Supreme Court of North Carolina rejects teachers’ union challenge to school choice

July 24, 2015 | By WENCONG FA

The North Carolina legislature recently enacted the Opportunity Scholarship Program, which allows low-income children to attend private schools of their parents’ choice through state-funded scholarships. The program provides students with an opportunity to escape failing public schools, and transfer to private schools tailored to their needs. But the teachers’ union, hungry to maintain its monopoly on education, brought a lawsuit to prevent students from having that opportunity. PLF sided with the students in a brief filed last December. On Thursday, the Supreme Court of North Carolina did the same in this opinion.

In Hart v. North Carolina and Richardson v. North Carolina, the Court dismantled the teachers’ union’s arguments one by one. First, the Court held that North Carolina’s duty to protect the “State school fund” did not limit the State’s ability to spend on education generally. Rather, history suggests that the requirement—ratified in 1868—was adopted to prevent the legislature from diverting educational resources to pay for expenses incurred in the Civil War. Second, the Court added that the constitutional requirement directing the State to establish and maintain “a uniform system of free public schools” has nothing to do with private schools. Third, the Court noted that money spend on the Opportunity Scholarship Program was for a public purpose, because the “promotion of education generally, and educational opportunity in particular, is of paramount public importance.” Fourth, the Court explained that there “is no merit in the argument that a legislative program designed to increase educational opportunity in [North Carolina] is one that fails to ‘guard and maintain’ the ‘right to the privilege of education.’ ” Finally, the Court dismissed the plaintiffs’ religious discrimination claim, observing that the teachers’ union had no standing to assert such claims on behalf of the students.

Notably, the Court cited the famous dissent by Justice Brandeis in New State Ice Co. v. Liebmann, which underlined the need for states to serve as laboratories of democracy and experiment with new legislation in order to meet changing social and economic needs.

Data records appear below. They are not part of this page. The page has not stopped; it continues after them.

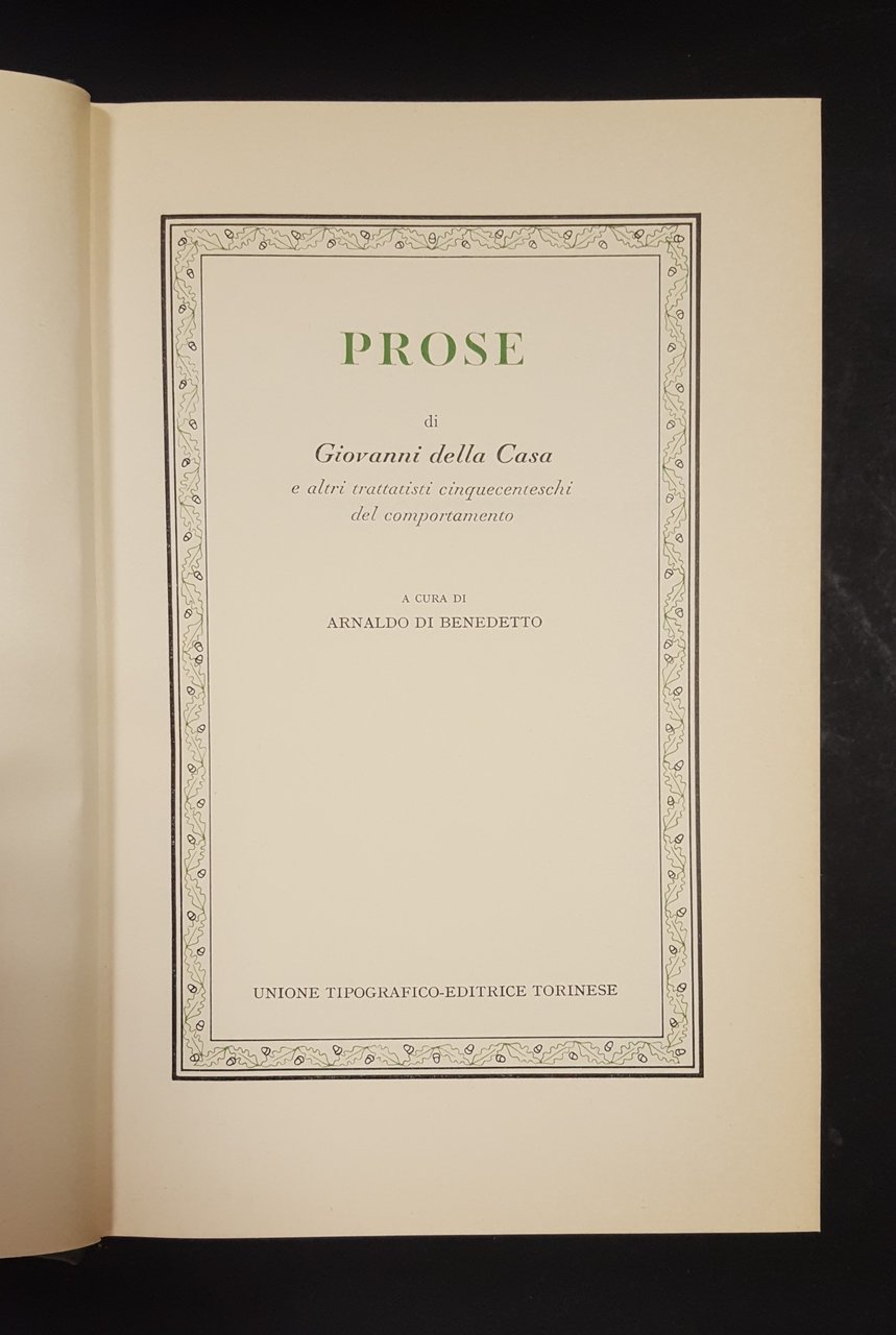 Prose di Giovanni della Casa e altri trattatisti cinquecenteschi del comportamento. Utet. 1974. In-8. Cartonato con titoli e fregi in oro al dorso. pp. 757. Con acetato protettivo. Con tavv. in b/n f.t. Ottimo
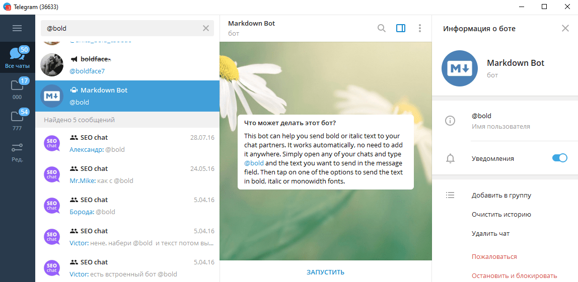 Если вы все сделали правильно на предыдущем этапе, то бот должен обнаружиться в результатах поиска и нормально работать.
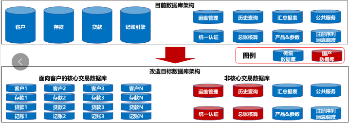 第二、通过联合方案金融客户可安全、简便地完成核心系统的升级改造,并满足性能需求。通过升级改造,在确保银行核心系统的高可靠性、高安全、高性能和数据强一致性的同时,并可以通过按业务系统对客户的影响程度分级,对数据库系统进行分类,可先对内部运维管理、历史查询、总账核算等非面向客户的数据库进行改造,不影响业务正常运行,针对面向客户的存款、贷款、记账等核心交易数据库,按照客户分片进行分库改造,分摊应用开发及测试工作发复杂度,降低运维难度,提高系统整体容错度,极大程度减少故障对日常业务的影响。
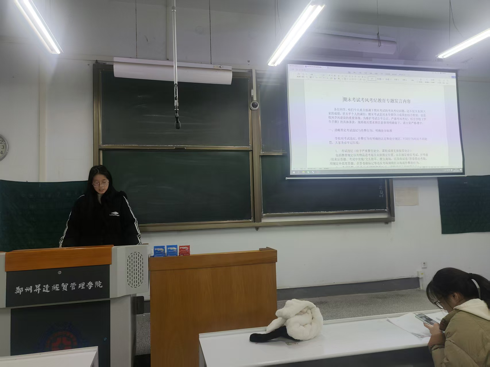 关于期末考风考纪教育专题,结合我校《学生手册》相关规定,重申了考试违纪与作弊行为的认定标准及处分措施,列明携带违规物品、擅自换座等红线,同时呼吁诚信应考,摒弃侥幸心理,以严考风促好学风,做好团学骨干的表率作用。
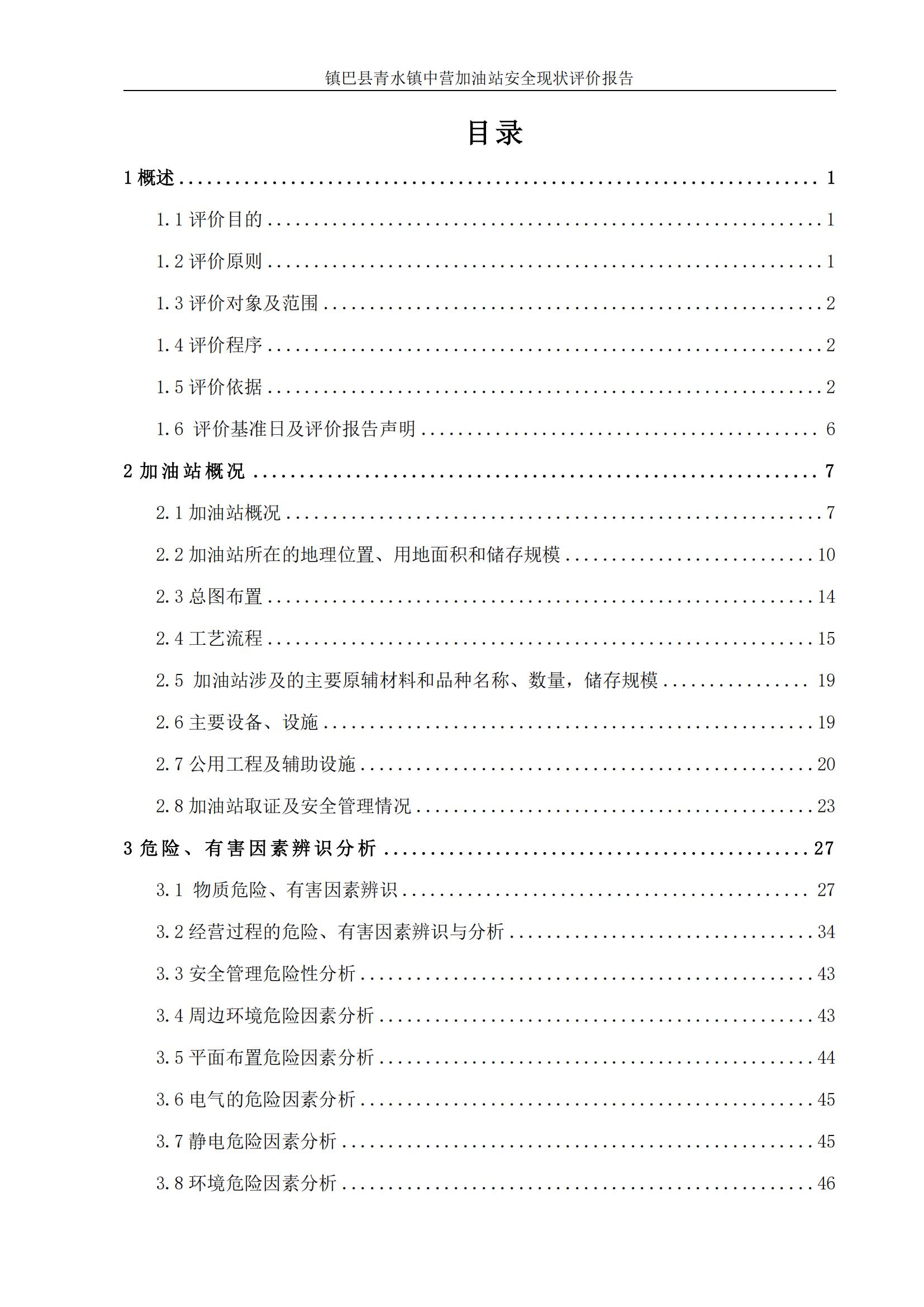項(xiàng)目名稱(chēng) | 鎮(zhèn)巴縣青水鎮(zhèn)中營(yíng)加油站安全現(xiàn)狀評(píng)價(jià)報(bào)告 | ||||||
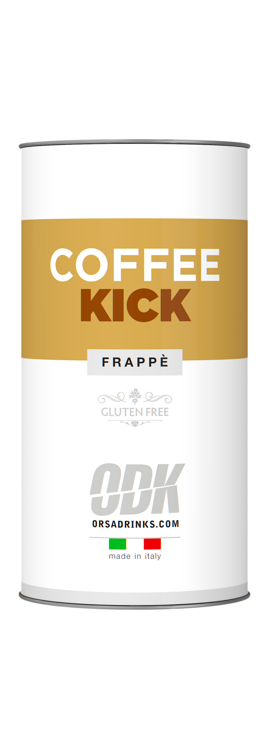 Coffee kick frappe powder in a 1kg bag. Bold coffee flavor for frozen coffee beverages. Perfect for coffee frappe enthusiasts. Part of Orsa Drinks Frappe Line.
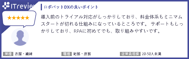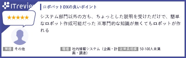 株式会社FCEプロセス&テクノロジー(東京都新宿区、代表取締役社長:永田純一郎)は、アイティクラウド株式会社(以下:アイティクラウド 本社:東京都港区、代表取締役社長:黒野 源太)が主催するアワード「ITreview Grid Award 2022 Winter」において、当社が提供する純国産RPA『RPA Robo-Pat DX(以下、RPAロボパットDX)』が、満足度・認知度ともに優れた製品に贈られる「Leader」を受賞したことをお知らせいたします。
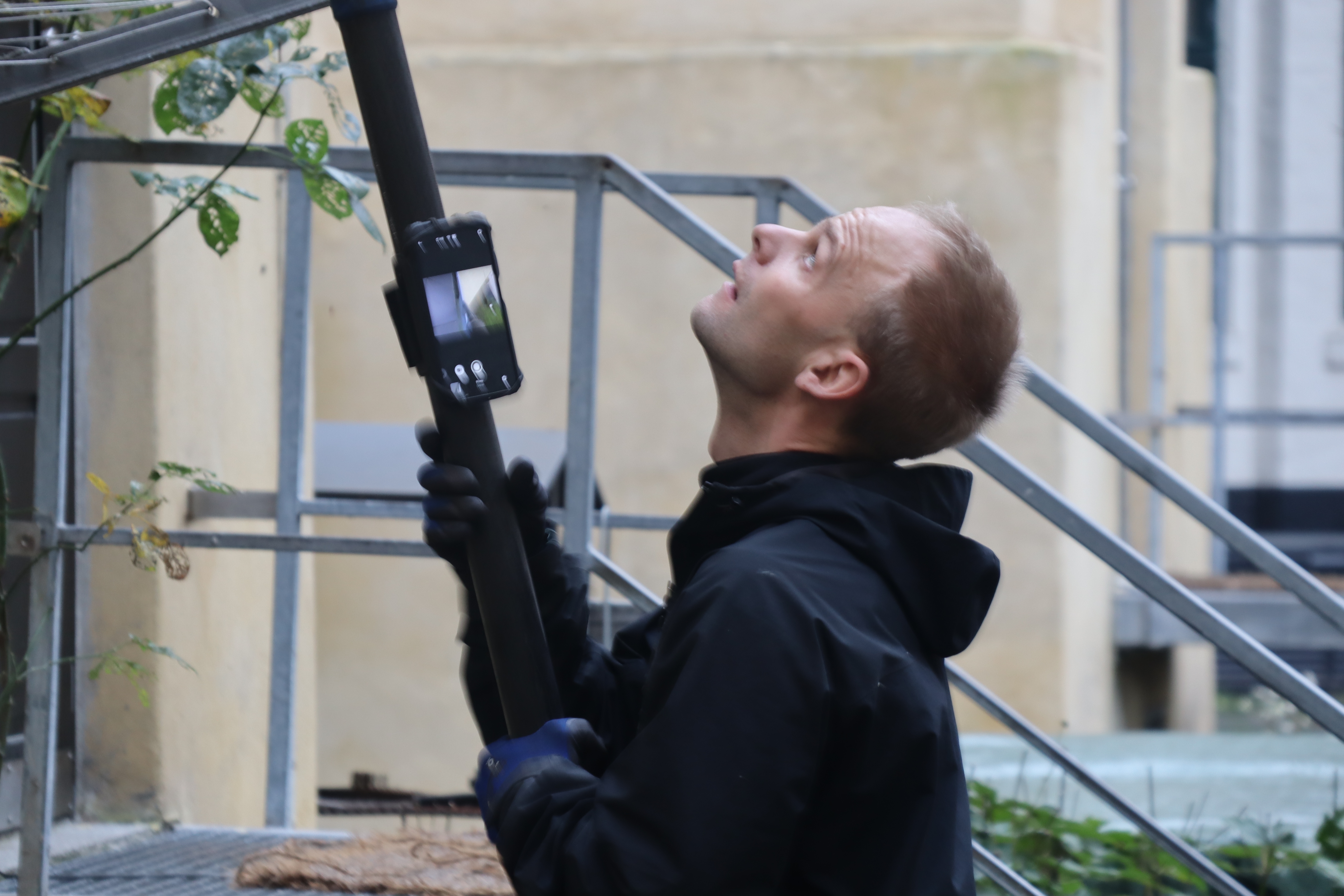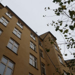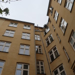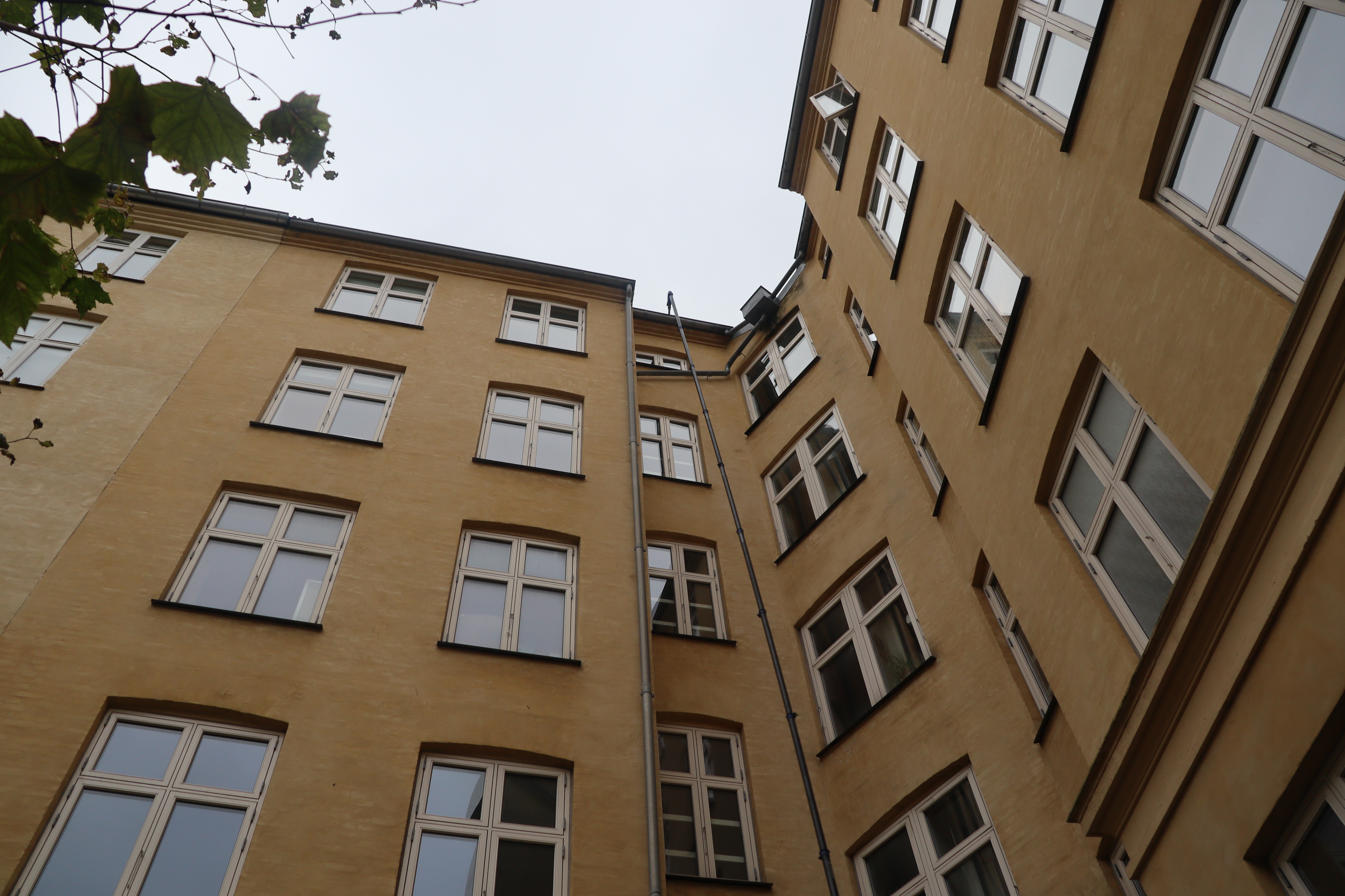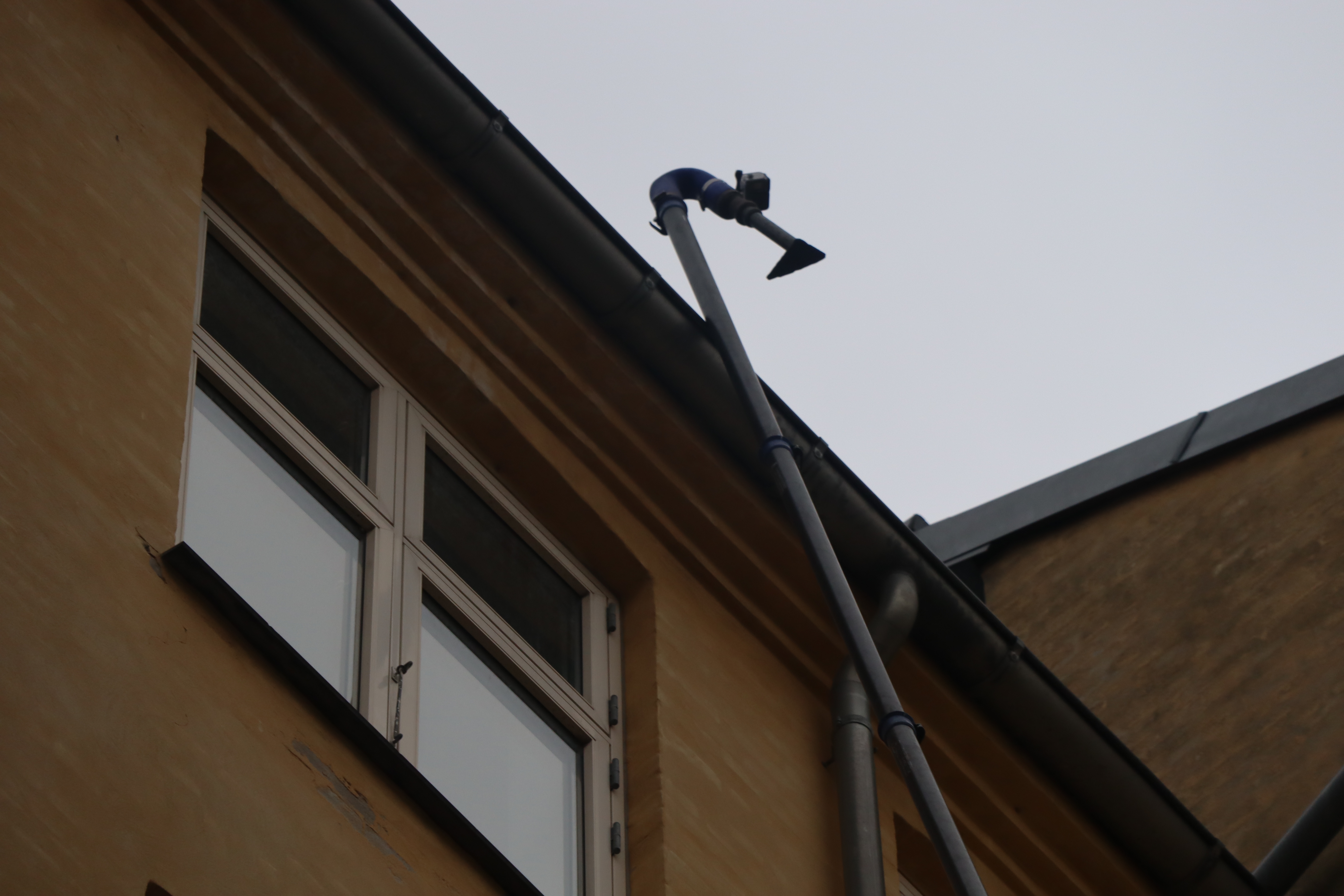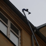 Renset tagrender på bagsiden af 5 etagers bygning.
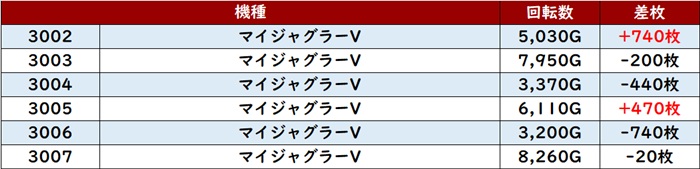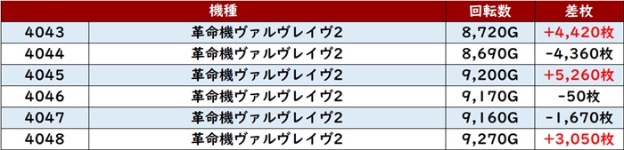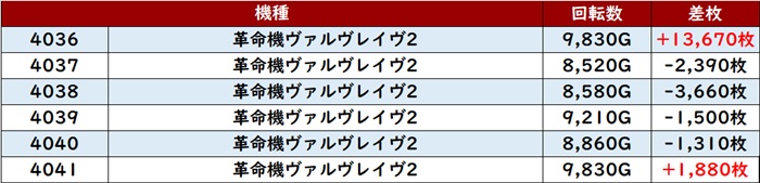 まずは「ヴヴヴ2 4036~4041、4043~4048」から驚異の差枚数+13,670枚を筆頭に、大きく出玉感を伸ばす台を複数目撃!
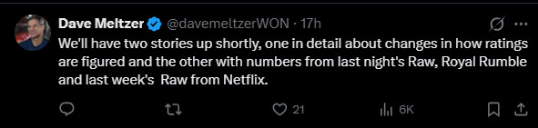 >>19829452This being on the same day as the Rumble and it still skyrocketing? I'm guessing the new panel data are fleshing out how they measure wrestling ratings, because every other sport, apart from wrestling didn't make any sense.
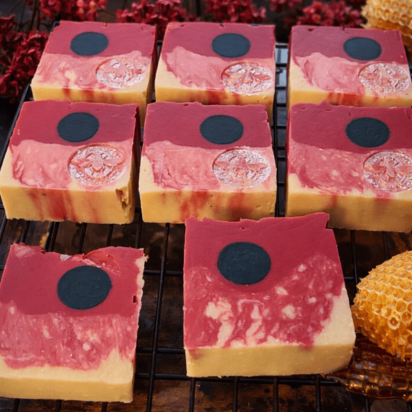 This unique soap is made with Dragons Blood oil, it has a warm, earthy, and spicy aroma, with notes of dark wood, musk, and a hint of floral and sweet vanilla. This CP soap helps rehydrate skin. Provides protection against negative energy, enhances the potency of spells and rituals, cleanses spaces and auras of negativity, and promotes inner healing and emotional balance.
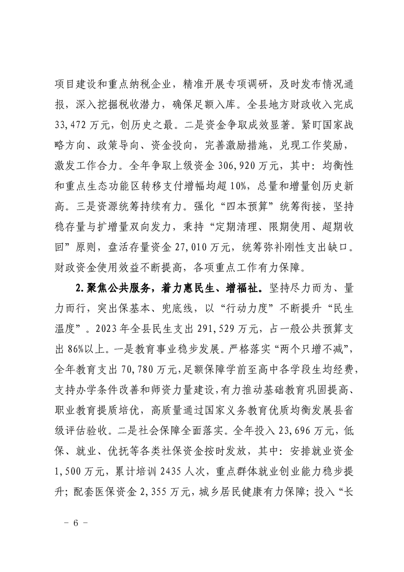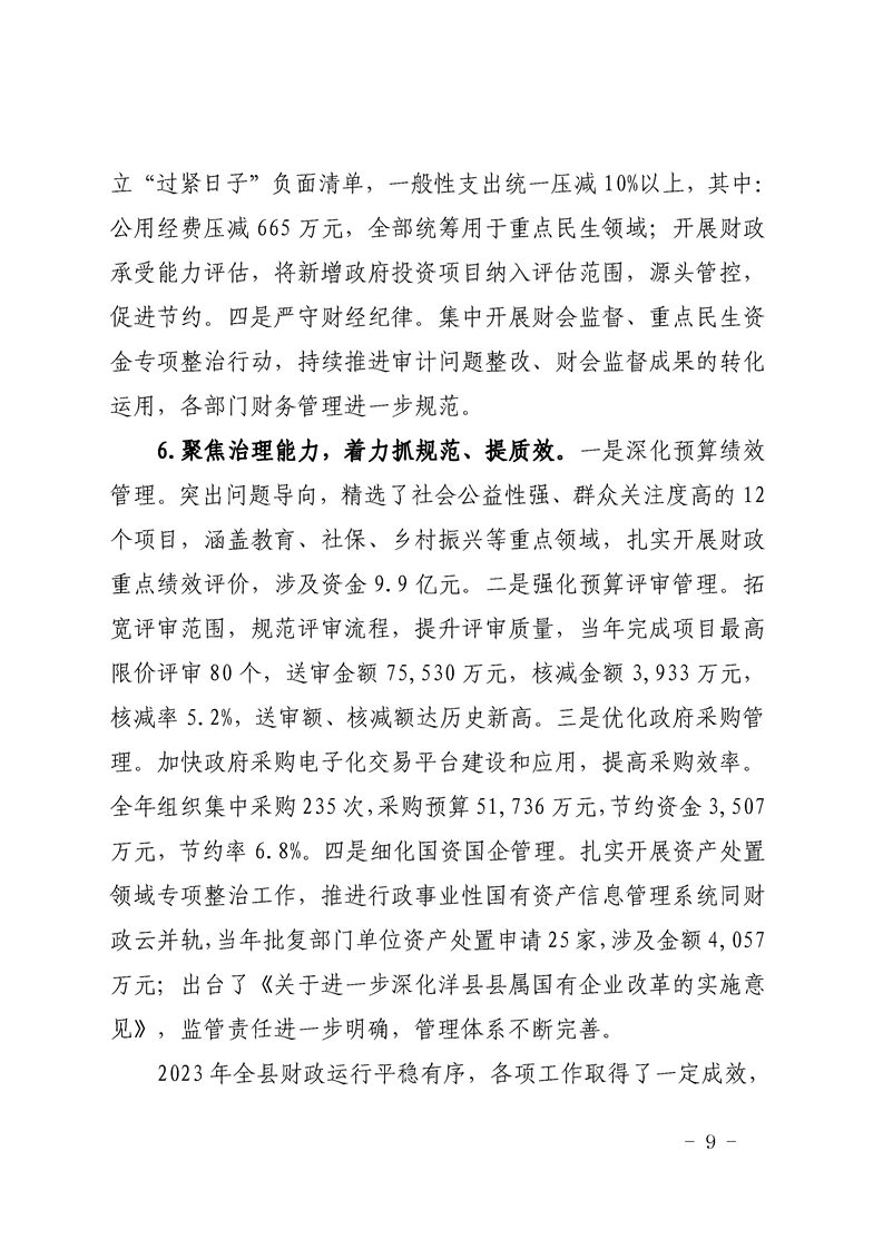 洋縣2023年財政預算執行情況和2024年財政預算草案的報告

This echoes PLF’s brief, which quoting the same case, emphasized that if “the states are to serve as the ‘laboratories’ of democracy, then the State Constitution should not prevent North Carolina from copying promising aspects of the most successful experiments in other jurisdictions.” School choice programs have been tremendously successful in other states. This decision allows that trend to continue in North Carolina.

Congratulations to our good friends at the Institute for Justice, who represented the parents in this case.